Repeat the records below exactly from the line containing "Сёрферы направляются в воду" to the line containing "- Суворий вид", taking in both of those lines. Drop the pictures.

__Exercise data__:
↓
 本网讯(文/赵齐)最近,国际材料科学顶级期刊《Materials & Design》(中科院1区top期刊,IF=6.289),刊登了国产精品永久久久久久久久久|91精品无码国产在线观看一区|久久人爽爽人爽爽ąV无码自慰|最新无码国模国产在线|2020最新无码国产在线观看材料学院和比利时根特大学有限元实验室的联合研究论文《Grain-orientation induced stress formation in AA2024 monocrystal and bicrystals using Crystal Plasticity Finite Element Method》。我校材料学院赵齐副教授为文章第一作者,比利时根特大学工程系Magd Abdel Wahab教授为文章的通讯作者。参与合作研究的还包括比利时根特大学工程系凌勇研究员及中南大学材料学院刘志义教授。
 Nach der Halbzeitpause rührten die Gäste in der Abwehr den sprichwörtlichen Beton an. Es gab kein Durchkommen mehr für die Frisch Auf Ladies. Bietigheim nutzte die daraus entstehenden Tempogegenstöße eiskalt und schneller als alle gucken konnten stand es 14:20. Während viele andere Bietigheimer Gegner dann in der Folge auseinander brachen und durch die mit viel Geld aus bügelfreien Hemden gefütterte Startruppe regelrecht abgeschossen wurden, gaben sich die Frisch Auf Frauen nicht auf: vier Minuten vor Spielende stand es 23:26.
↑
↓
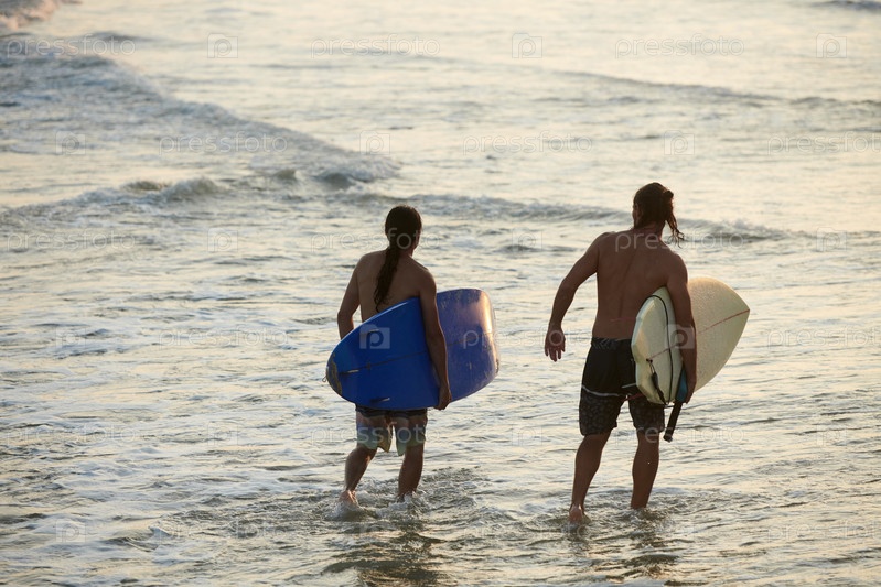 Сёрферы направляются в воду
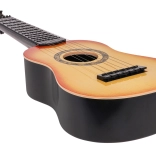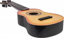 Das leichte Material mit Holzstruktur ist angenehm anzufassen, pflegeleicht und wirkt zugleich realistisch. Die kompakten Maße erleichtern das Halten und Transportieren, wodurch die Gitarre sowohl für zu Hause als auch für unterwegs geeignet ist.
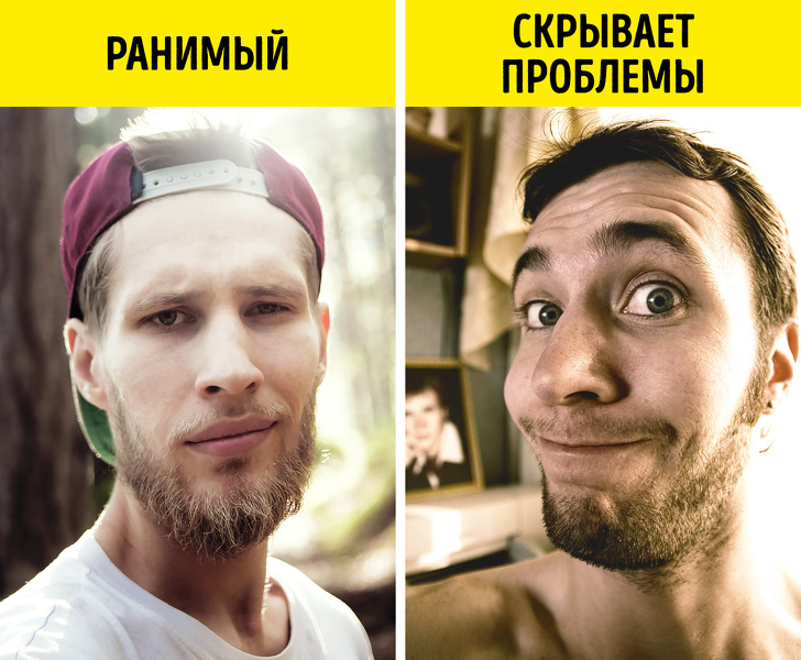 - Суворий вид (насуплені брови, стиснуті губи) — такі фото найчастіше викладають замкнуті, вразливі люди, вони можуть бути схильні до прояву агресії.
↑
__Solved exercise__:
 Сёрферы направляются в воду
 Das leichte Material mit Holzstruktur ist angenehm anzufassen, pflegeleicht und wirkt zugleich realistisch. Die kompakten Maße erleichtern das Halten und Transportieren, wodurch die Gitarre sowohl für zu Hause als auch für unterwegs geeignet ist.
 - Суворий вид (насуплені брови, стиснуті губи) — такі фото найчастіше викладають замкнуті, вразливі люди, вони можуть бути схильні до прояву агресії.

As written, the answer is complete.